> **Instructions to follow**
For every line in the material, output its text exactly and exclude any image it holds.

> **Provided data**
*** Begin section ***
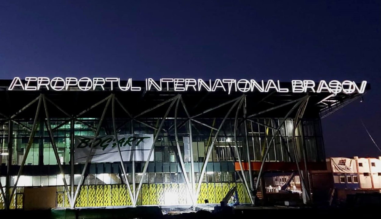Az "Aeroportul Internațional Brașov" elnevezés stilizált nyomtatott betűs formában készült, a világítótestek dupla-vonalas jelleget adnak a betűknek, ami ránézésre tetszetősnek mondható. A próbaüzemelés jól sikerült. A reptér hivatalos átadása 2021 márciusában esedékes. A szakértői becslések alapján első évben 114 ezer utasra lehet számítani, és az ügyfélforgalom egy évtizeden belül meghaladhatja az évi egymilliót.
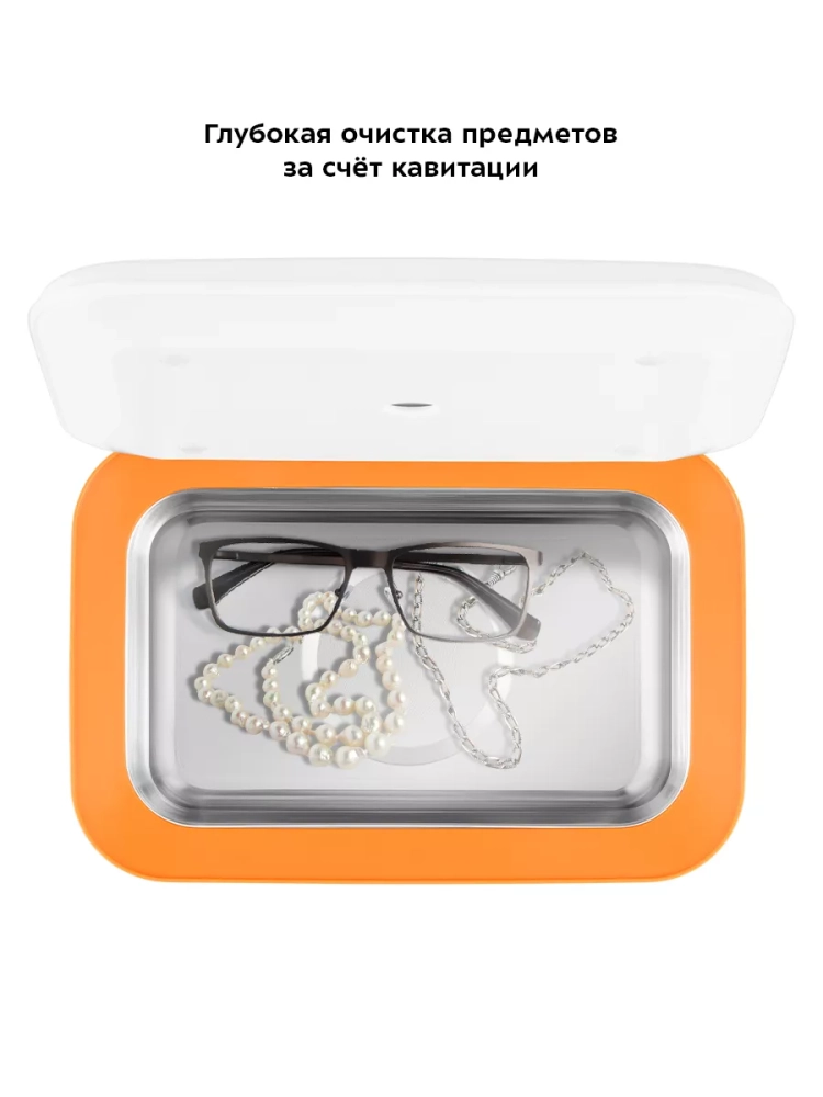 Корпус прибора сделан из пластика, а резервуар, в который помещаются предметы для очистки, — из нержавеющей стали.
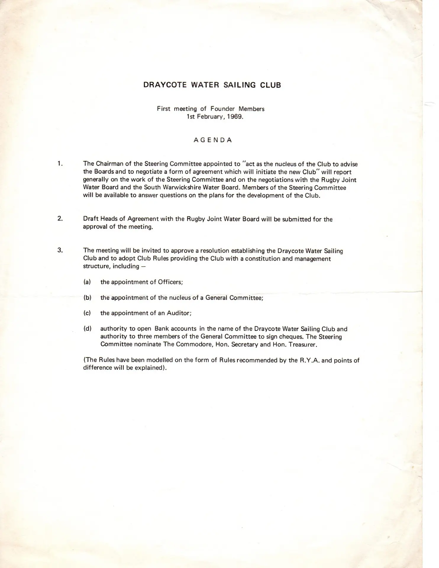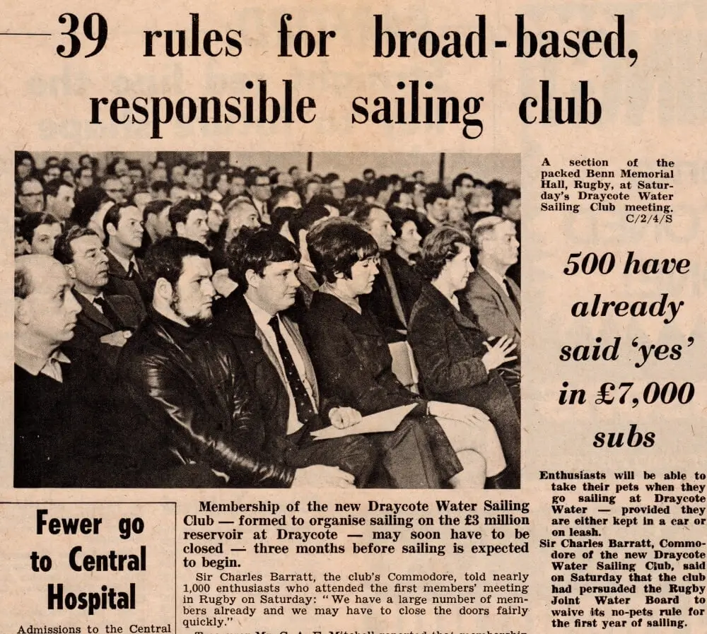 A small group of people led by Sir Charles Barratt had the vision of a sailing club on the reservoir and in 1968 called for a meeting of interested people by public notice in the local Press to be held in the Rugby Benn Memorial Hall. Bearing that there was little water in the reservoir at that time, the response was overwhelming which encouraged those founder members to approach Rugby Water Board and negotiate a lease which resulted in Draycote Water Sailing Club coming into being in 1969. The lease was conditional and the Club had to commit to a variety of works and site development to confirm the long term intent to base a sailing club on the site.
*** End section ***
> **Exercise result**
Az "Aeroportul Internațional Brașov" elnevezés stilizált nyomtatott betűs formában készült, a világítótestek dupla-vonalas jelleget adnak a betűknek, ami ránézésre tetszetősnek mondható. A próbaüzemelés jól sikerült. A reptér hivatalos átadása 2021 márciusában esedékes. A szakértői becslések alapján első évben 114 ezer utasra lehet számítani, és az ügyfélforgalom egy évtizeden belül meghaladhatja az évi egymilliót.
 Корпус прибора сделан из пластика, а резервуар, в который помещаются предметы для очистки, — из нержавеющей стали.
 A small group of people led by Sir Charles Barratt had the vision of a sailing club on the reservoir and in 1968 called for a meeting of interested people by public notice in the local Press to be held in the Rugby Benn Memorial Hall. Bearing that there was little water in the reservoir at that time, the response was overwhelming which encouraged those founder members to approach Rugby Water Board and negotiate a lease which resulted in Draycote Water Sailing Club coming into being in 1969. The lease was conditional and the Club had to commit to a variety of works and site development to confirm the long term intent to base a sailing club on the site.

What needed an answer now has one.